To perform row reduction:

1. The first row is fine: ( (1, 0, 0, 7) ).
2. Subtract 3 times the first row from the second row to make the first entry of the second row 0:
   [
   R2 = R2 – 3R1 \implies (3 – 3, 0 – 0, 1 – 0, -5 – 21) = (0, 0, 1, -26)
   ]
3. The third row is already ( (0, 1, 0, 10) ), which is in proper form.

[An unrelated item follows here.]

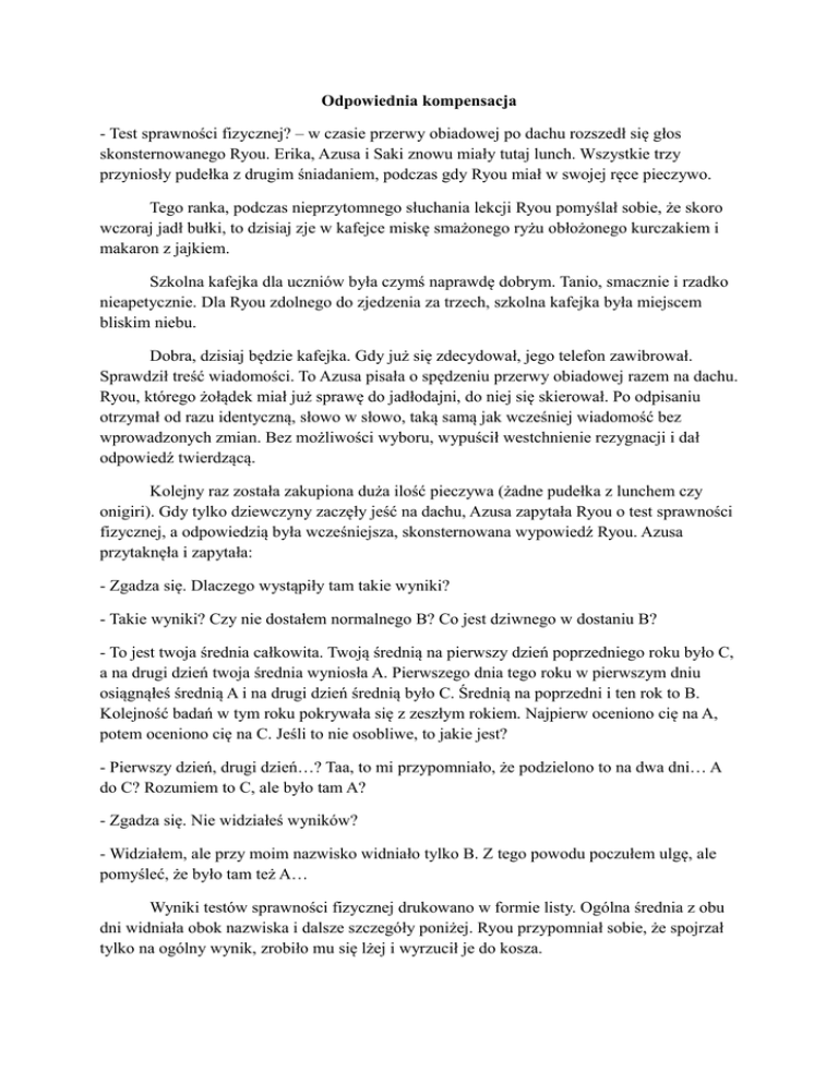 Odpowiednia kompensacja - Test sprawności fizycznej? – w czasie przerwy obiadowej po dachu rozszedł się głos skonsternowanego Ryou. Erika, Azusa i Saki znowu miały tutaj lunch. Wszystkie trzy przyniosły pudełka z drugim śniadaniem, podczas gdy Ryou miał w swojej ręce pieczywo. Tego ranka, podczas nieprzytomnego słuchania lekcji Ryou pomyślał sobie, że skoro wczoraj jadł bułki, to dzisiaj zje w kafejce miskę smażonego ryżu obłożonego kurczakiem i makaron z jajkiem. Szkolna kafejka dla uczniów była czymś naprawdę dobrym. Tanio, smacznie i rzadko nieapetycznie. Dla Ryou zdolnego do zjedzenia za trzech, szkolna kafejka była miejscem bliskim niebu. Dobra, dzisiaj będzie kafejka. Gdy już się zdecydował, jego telefon zawibrował. Sprawdził treść wiadomości. To Azusa pisała o spędzeniu przerwy obiadowej razem na dachu. Ryou, którego żołądek miał już sprawę do jadłodajni, do niej się skierował. Po odpisaniu otrzymał od razu identyczną, słowo w słowo, taką samą jak wcześniej wiadomość bez wprowadzonych zmian. Bez możliwości wyboru, wypuścił westchnienie rezygnacji i dał odpowiedź twierdzącą. Kolejny raz została zakupiona duża ilość pieczywa (żadne pudełka z lunchem czy onigiri). Gdy tylko dziewczyny zaczęły jeść na dachu, Azusa zapytała Ryou o test sprawności fizycznej, a odpowiedzią była wcześniejsza, skonsternowana wypowiedź Ryou. Azusa przytaknęła i zapytała: - Zgadza się. Dlaczego wystąpiły tam takie wyniki? - Takie wyniki? Czy nie dostałem normalnego B? Co jest dziwnego w dostaniu B? - To jest twoja średnia całkowita. Twoją średnią na pierwszy dzień poprzedniego roku było C, a na drugi dzień twoja średnia wyniosła A. Pierwszego dnia tego roku w pierwszym dniu osiągnąłeś średnią A i na drugi dzień średnią było C. Średnią na poprzedni i ten rok to B. Kolejność badań w tym roku pokrywała się z zeszłym rokiem. Najpierw oceniono cię na A, potem oceniono cię na C. Jeśli to nie osobliwe, to jakie jest? - Pierwszy dzień, drugi dzień…? Taa, to mi przypomniało, że podzielono to na dwa dni… A do C? Rozumiem to C, ale było tam A? - Zgadza się. Nie widziałeś wyników? - Widziałem, ale przy moim nazwisko widniało tylko B. Z tego powodu poczułem ulgę, ale pomyśleć, że było tam też A… Wyniki testów sprawności fizycznej drukowano w formie listy. Ogólna średnia z obu dni widniała obok nazwiska i dalsze szczegóły poniżej. Ryou przypomniał sobie, że spojrzał tylko na ogólny wynik, zrobiło mu się lżej i wyrzucił je do kosza. - Dlaczego były tam takie wyniki? – gdy Azusa ponownie zapytała, Ryou wzruszył ramionami i odpowiedział: - Starałem się uzyskać mniej więcej B z tych dwóch dni… Czemu tak wyszło danego dnia nie jest dla mnie jasne. Szukałem gościa, którego odruchy wydawały się do kitu i po prostu uzyskałem taki sam wynik jak ta osoba. Jednak, żeby wmieszało się tam A… Mimo wszystko, przypuszczam, że nie można określić refleksu osoby po jej twarzy… - ostatnie słowa wypowiedział z obawą, kręcąc głową. - Dlaczego chciałeś koniecznie uzyskać takie beznadziejne wyniki? – zapytała rozsądnie po takiej odpowiedzi Azusa. - Dobry wynik by się wyróżniał. Byłoby nieprzyjemnie być zapraszanym do klubów sportowych. - Mówisz tak, jakbyś był pewny swoich odruchów. - W miarę. Faktycznie, gdybym złożył wyniki z tego i zeszłego roku, myślę, że mógłbym uzyskać A z obu? - Zgadzam się. - Myślę, że powinno się raczej spytać, dlaczego jesteś świadoma moich wyników sprawnościowych… - To banalna sprawa, nie martw się tym. Pomijając to, skłaniam się ku temu, żeby usłyszeć o twoich prawdziwych umiejętnościach fizycznych… - Nawet jeśli poprosisz, bieganie w tym upale zwróci na mnie uwagę, więc nigdy tego nie zrobię. - Cóż, prędzej czy później będę miała okazję, by to zobaczyć. - Nie zrobię tego, to uciążliwe, więc nie zrobię. - Nie bądź taki oziębły. - Serio… Pomijając to, co z nią? – mówiąc to, Ryou odwrócił się do Eriki. Nie brała udziału w rozmowie jego i Azusy sprzed chwili. Od momentu, w którym przyszedł, miała spuszczoną głowę i skubała swoją spódniczkę, drżąc. - Z nią…? Czyż nie jest urocza? Coś jest nie tak? – Azusa przeniosła swoją uwagę na Erikę z wypisaną czystą rozkoszą na twarzy. - Przyznam, że jest urocza. Aa, domyślam się, czemu tak to wyszło, więc powiedz mi, co mam mówić – powiedział pewnie Ryou. Myślał o wczoraj i wierzył, że to było przyczyną tego zachowania. I to się, rzeczywiście, zgadzało. Mimo, że Ryou był świadomy tego, co widział, byłoby dziwne, gdyby przeprosił. Tak naprawdę, nic nie zrobił, można powiedzieć, że tylko spojrzał. Z drugiej jednak strony, jeśli jego uczucie wdzięczności by się ujawniło, sprawa niepotrzebnie obrałaby zły obrót, więc Ryou nie wiedział, jak postąpić. Rozumiał tylko, że jedynie może zachować na zawsze obejrzany wczoraj spektakl w którymś ze swoich zwojów mózgowych. - Hmm… Sądzę, że musisz szybko się do niej odezwać – powiedziała Azusa po chwili wahania. - Odezwać? – zapytał zaskoczony Ryou. - Ta. Nie zapomnij użyć jej imienia – rzekła Azusa radośnie. - Imię? Czy to było Fujimoto…? – wymamrotał Ryou, próbując je sobie przypomnieć. - Inaczej, to ma być inaczej. Pierwsze imię. Nazwij ją Erika – Azusa śmiała się coraz radośniej. - Co… Czy samo nazwisko nie wystarczy? – powiedział Ryou lekko skonfundowany. - Nie wystarczy. Jeśli to nie będzie jej imię, nie wystąpi żadna reakcja. - … Naprawdę? – zapytał Ryou, trochę powątpiewając. - Naprawdę – potwierdziła Azusa bez wahania. - Ech… Yy… Ekchem, E-Erika – wyjąkał Ryou, wołając do Eriki delikatnym głosem i lekko się rumieniąc. Jednak Erika nadal patrzyła w dół. - Twój głos był za cichy, nie może go usłyszeć

In this case, the pivot variables are in columns 1, 2, and 3 (there are no free variables). Answer: A. None.

Matrix 2:

[
\begin{pmatrix}
1 & 0 & 1 & 5 \
1 & 9 & -9 & -10
\end{pmatrix}
]

Performing row reduction:

1. Subtract the first row from the second to make the first entry of the second row 0:
   [
   R2 = R2 – R1 \implies (1 – 1, 9 – 0, -9 – 1, -10 – 5) = (0, 9, -10, -15)
   ]
2. Next, divide the second row by 9 to make the second pivot 1:
   [
   R2 = \frac{1}{9} R2 \implies (0, 1, -\frac{10}{9}, -\frac{5}{3})
   ]

Here, column 1 and column 2 contain pivots, but there’s a free variable in column 3. Answer: B. One.

Matrix 3:

[
\begin{pmatrix}
0 & 1 & 0 & -2
\end{pmatrix}
]
This is a 1×4 matrix, and we see only one non-zero entry in column 2, which is a pivot. Thus, the variable corresponding to column 2 is the only pivot. The remaining columns have free variables. Answer: B. One.

In summary, after performing Gaussian elimination, the number of free variables for each matrix is:

1. None
2. One
3. One

Each free variable corresponds to the columns that don’t contain pivots in the row-reduced form of the matrix.